Sin embargo, las durísimas condiciones de confinamiento y control de la pandemia impuestas a la ciudadanía shanghainesa han venido a dejar claro que la libertad de consumo es algo innegociable: la clase media no está dispuesta a ceder un ápice en la calidad de vida que tanto se ha esforzado en conseguir, que ha conseguido y a la que ya se ha acostumbrado. Las expectativas más damnificadas, tras los confinamientos Covid-Cero en China, serán las de las cadenas de suministro globales, las de crecimiento económico nacional para este 2022 y las de reforma en la población china más acomodada. Y, en este punto, resulta interesante volver hablar de las cerezas, como símbolo de riqueza, calidad de vida y libertad pues en ningún sitio de China, como en Shanghai, el consumo define tanto a la ciudadanía.
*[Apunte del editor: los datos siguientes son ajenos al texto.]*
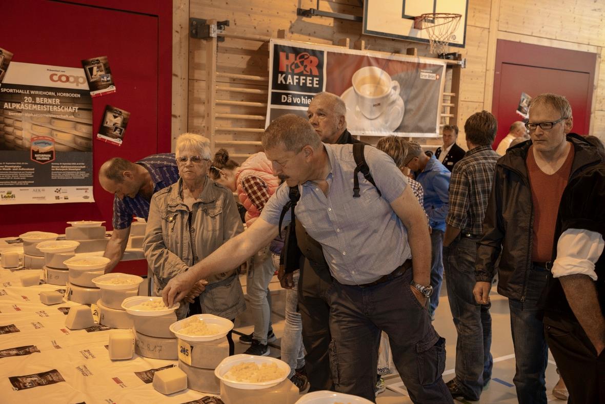 Zahlreiche Alpschaften aus dem ganzen Berner Oberland haben 143 Käse der Jury vorgelegt. Beurteilt wurden die Kategorien «Berner Alpkäse AOP», «Berner Hobelkäse AOP» und «Alp-Mutschli». Die 18-köpfige Jury unter der fachkundigen Leitung von Hans-peter Graf (Leiter Beratung, Inforama Berner Oberland) hatte die anspruchsvolle Aufgabe, die Käse in den vier Kriterien Lochung, Teig, Aroma sowie Äusseres zu beurteilen. Die Unterschiede unter den zehn besten waren minim, was auf eine allgemein hohe Qualität hinweist. «Die Qualität aller drei Kategorien konnte auch dieses Jahr noch verbessert werden und ist auf hohem Niveau stetig steigend. Beim Berner Hobelkäse AOP liessen sich praktisch alle Käse sehr gut hobeln und rollen», resümierte Hans Kohler, Schattenhalb, Präsident von CASALP, mit Stolz. Dieses erfreuliche Resultat ist u.a. auf die gute Ausbildung und Beratung, unter der Leitung von Hanspeter Graf zurückzuführen und gewiss auch auf die Tatsache, dass nur mit konstant hoher Qualität der Extrahartkäse Berner Hobelkäse AOP und der Hartkäse Berner Alpkäse AOP eine Chance auf dem stark umworbenen Käsemarkt haben.

En Shanghai, a pie de calle, llaman mucho más la atención los aspectos consumistas que los comunistas. Escribe el pensador polaco Zygmunt Bauman en su libro 'Vida de consumo' que el consumismo, como estilo de vida y filosofía vital, transforma a los individuos en productos. Así, es habitual ver en las calles shanghainesas a transeúntes convertidos en verdaderas «marcas andantes» pues el vestir, emplear, usar o lucir esta o aquella marca les permite diferenciarse de otros congéneres que, por disponer de menor capacidad adquisitiva, no se las pueden permitir.
Esta clase de libertad es todo un orgullo para la clase media: la libertad de adquirir o consumir lo que se les antoja. Los shanghaineses se identifican, a través de esa libertad de consumo, con los habitantes de otras grandes metrópolis mundiales. Y, precisamente ahora, cuando Europa y Occidente regresan a una normalidad muy parecida a la del año 2019 y conviven con el virus, ellos se sienten presos de la incertidumbre y privados de esa libertad inalienable: consumir lo que les apetece.
Por vez primera en más de 45 años, millones de chinos de clase media han visto la cara feroz de un sistema que no admite excepciones individuales, en aras de logros programáticos. El resultado es el shock colectivo en el que se encuentra buena parte de la clase media shanghainesa al presenciar, atónita, cómo se despliega implacable la maquinaria oficial restringiendo la que, hasta ahora, parecía una libertad intocable: la libertad de elegir qué vestir, qué comer, qué coche conducir, qué ver o a dónde viajar. Puede parecer una concesión menor, una libertad con minúsculas, la de consumo, pero es libertad y todo un logro.